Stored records
____________
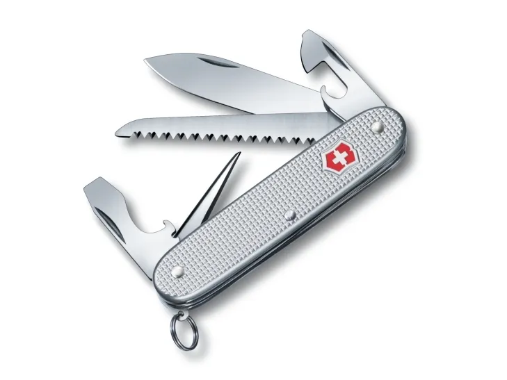 The classic soldier's knife with a saw\nInspired by the classic soldier's knife, this sturdy knife combines lots of useful functions in a durable fluted Alox handle – incuding a wood saw and a reamer.\n- large blade\n- reamer\n- can opener with\n- small screwdriver\n- cap lifter with\n- screwdriver\n- wire stripper\n- woodsaw\n- key ring
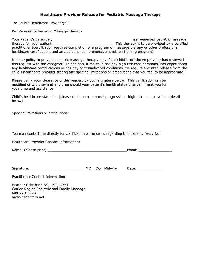Healthcare Provider Release for Pediatric Massage Therapy To: Child's Healthcare Provider(s) Re: Release for Pediatric Massage Therapy Your Patients caregiver, has requested pediatric massage therapy
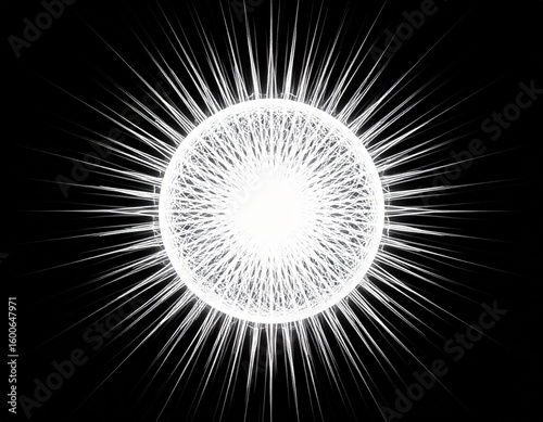 Abstract white sphere radiating lines against a stark black background, creating a bright visual effect.
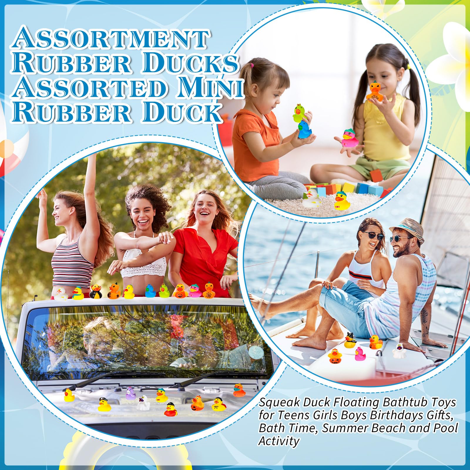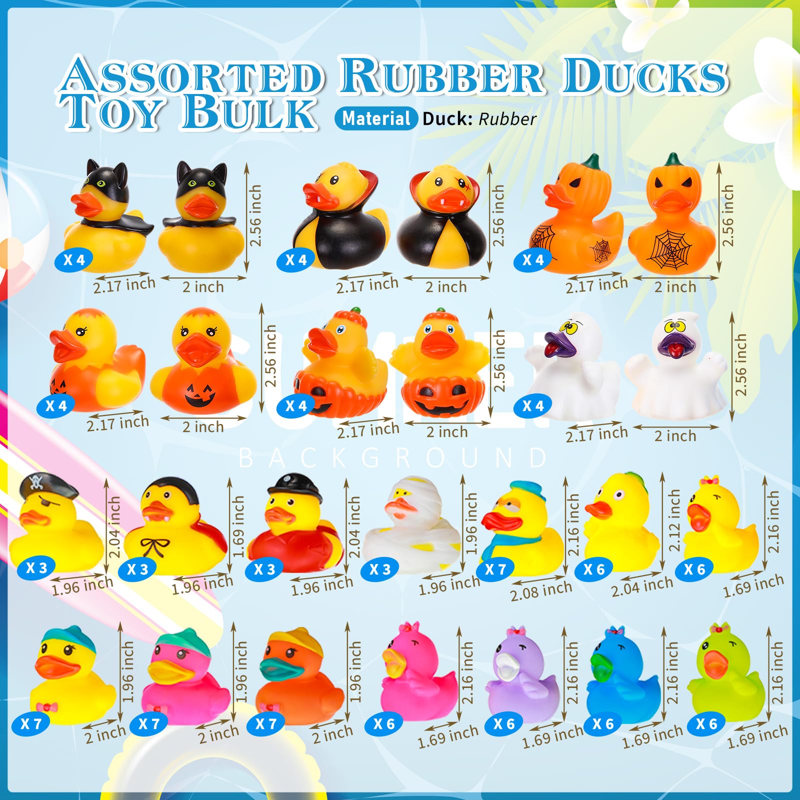 View compareLeyndo 100 Pcs 2'' Rubber Ducks Party Favors Assorted Toy Bulk Mini Floater For Kids Trick Or Treat Supplies Goodie Bag Fillers
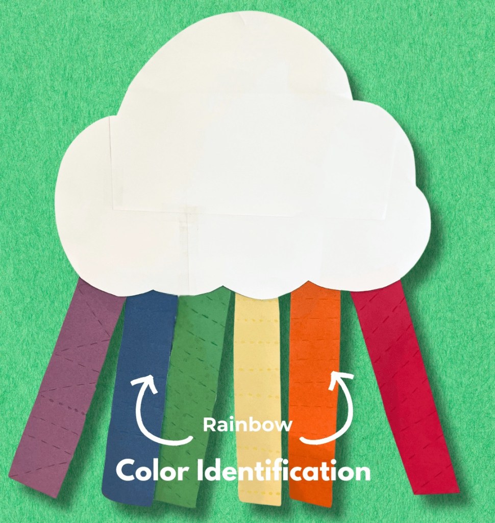 - Attach the Strips to the Cloud: Using glue or tape, attach the top of each colored strip to the back of the cloud. Arrange them in the order of the rainbow: red, orange, yellow, green, blue, indigo, and violet.
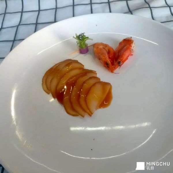 红酒雪梨配虾仁
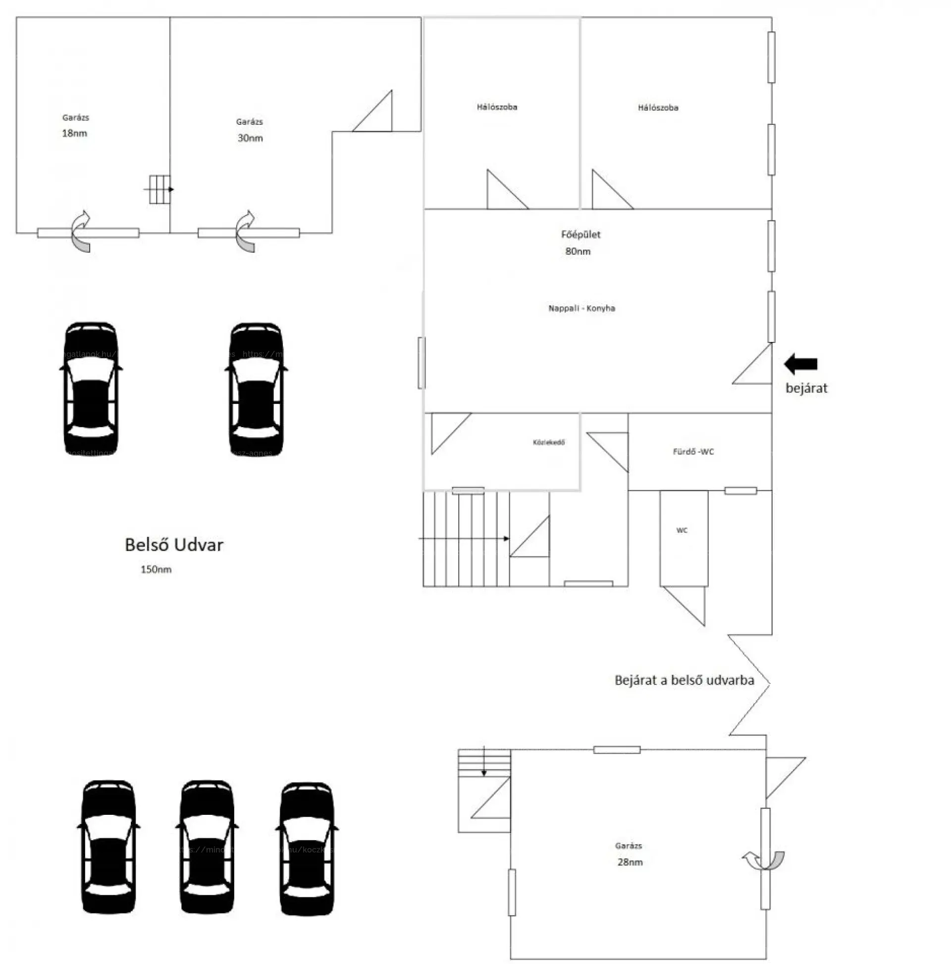 Megközelíthető az átrium üzletház felől. Az utcafronti épület (80nm), tartalmaz tágas nappalit amiből két nagy méretű szoba nyílik. Nagy méretű közlekedőt egy kisebb helységgel, valamint három garázst (melyek együttes alapterülete 76nm) és egy 180 négyzetméteres belső udvart mely legalább 3 autó tárolására alkalmas.
____________
About this exercise:
Quote the lines above exactly, starting with the one that has "Abstract white sphere" and ending with the one that has "View compareLeyndo 100"; drop the pictures and include nothing else.

Exercise answer:
 Abstract white sphere radiating lines against a stark black background, creating a bright visual effect.
 View compareLeyndo 100 Pcs 2'' Rubber Ducks Party Favors Assorted Toy Bulk Mini Floater For Kids Trick Or Treat Supplies Goodie Bag Fillers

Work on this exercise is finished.